Masalah ini sangat kritis dan perlu sikap kehati-hatian. Ini tidak lain mengisyaratkan agar pembinaan persepakbolaan sebagai proses yang berlanjut memang harus secara sadar dan penuh kesadaran dikerjakan.
Liberalisasi persepakbolaan telah membuka cakrawala yang lebih lebar atas pilihan-pilihan yang bisa diambil terhadap hampir semua hal. Kebebasan memilih inilah yang telah ikut mengambil bagian dalam meningkatkan rasionalitas pengurus atau pemaian, sebab pengurus atau pemain telah dihadapkan pada alternatif pilihan yang semakin kompleks.
Pada hematnya pembinaan kemampuan budaya persepakbolaan sesungguhnya untuk menumbuhkan etika, sportivitas dan disiplin, harus ditempuh melalui pendidikan, dan jangan dibiarkan menentukan arahnya sendiri.
Pendidikan budaya sportivitas dan disiplin yang dilaksanakan secara sadar itu diperlukan untuk membendung agresivitas pemain atau penonton. Karena itu jadikanlah era persepakbolaan di tanah air menjadi persepakbolan madani yang disambut sebagai renaisans kebudayaan sepak bola (renaissance football culture).
Sejalan dengan hal itu, kita merasa yakin bahwa budaya persepakbolaan kita mendatang akan tetap nampak jelas walaupun dengan kadar “kekeran” yang tinggi, melalui upaya-upaya pembinaan yang terencana.

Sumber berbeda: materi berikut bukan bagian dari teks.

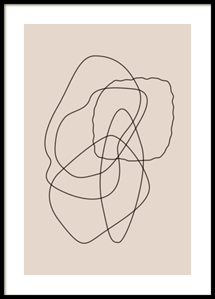 Illustration graphique avec des lignes noires formant une arche à l'envers avec une figure noire en dessous, le tout sur fond beige gris. La structure de couleur de cette affiche mélange le design moderne avec de petites touches rétro !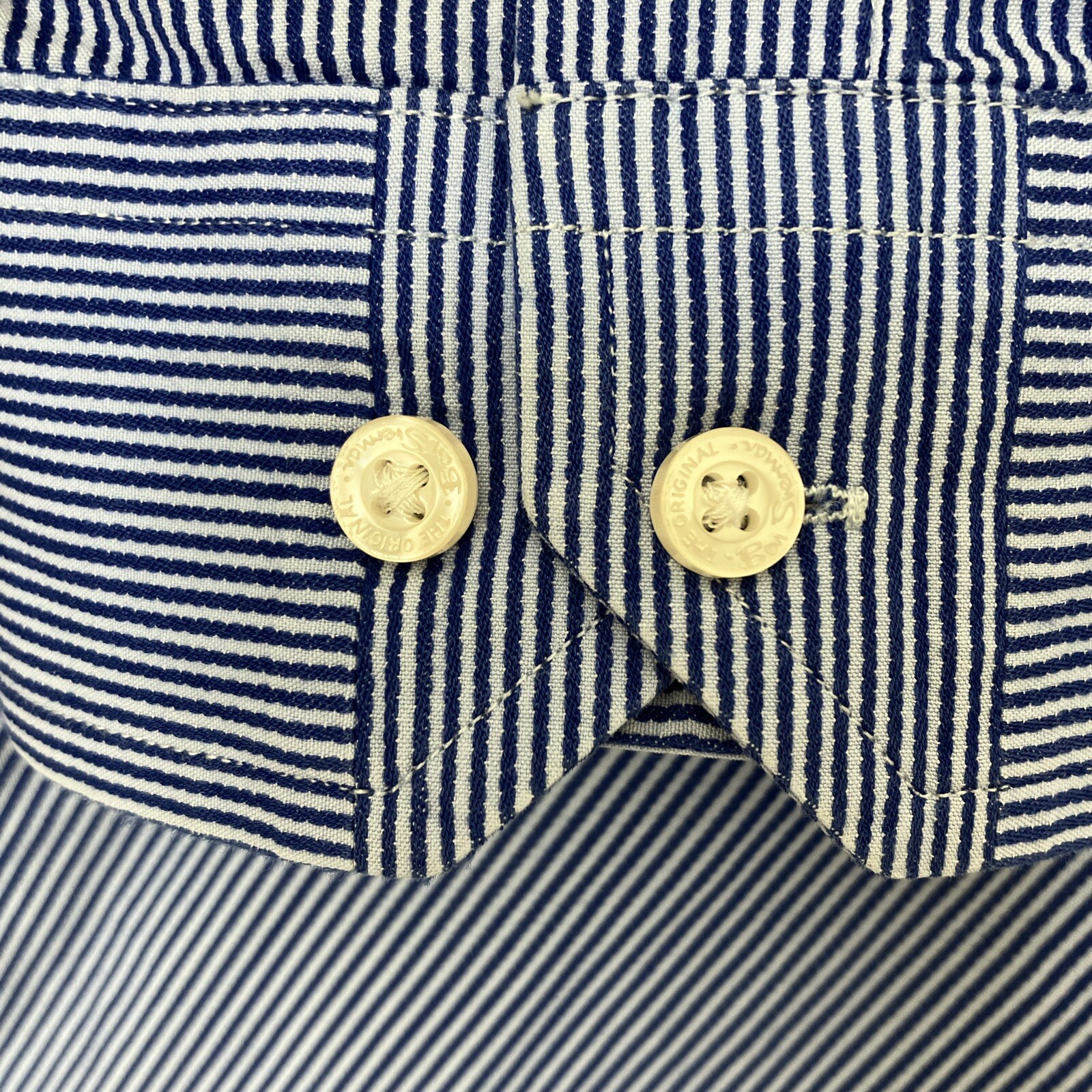 как выглядит Ben Sherman Blue White Pinstripe Button Up LS Mens Shirt Cotton 18 36/37 XXL фото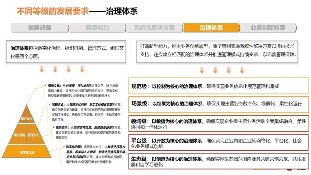 治理体系有几个核心关键词,如果你的管理治理仍然是以控制为核心,那你就在规范级。如果你的治理管理是以结果为核心,结果导向,那你就进入了场景级。真正的数字企业是以敏捷为核心构建起来整个运营体系和管理体系。平台级是以开放为核心,要没有这种理念和体系,就不会成为平台级企业。生态级是以创造为核心的体系。

Dengan demikian, maka budaya persepakbolaan masa depan harus dibangun di atas komitmen etika dan moral, solidaritas sosial, penciptaan persepabolan madani, dan sebagai wahana penanaman integrasi bangsa, penanaman kesadaran tentang perlunya sepak bola yang humanis, berkarakter, ramah, sopan santun bermain.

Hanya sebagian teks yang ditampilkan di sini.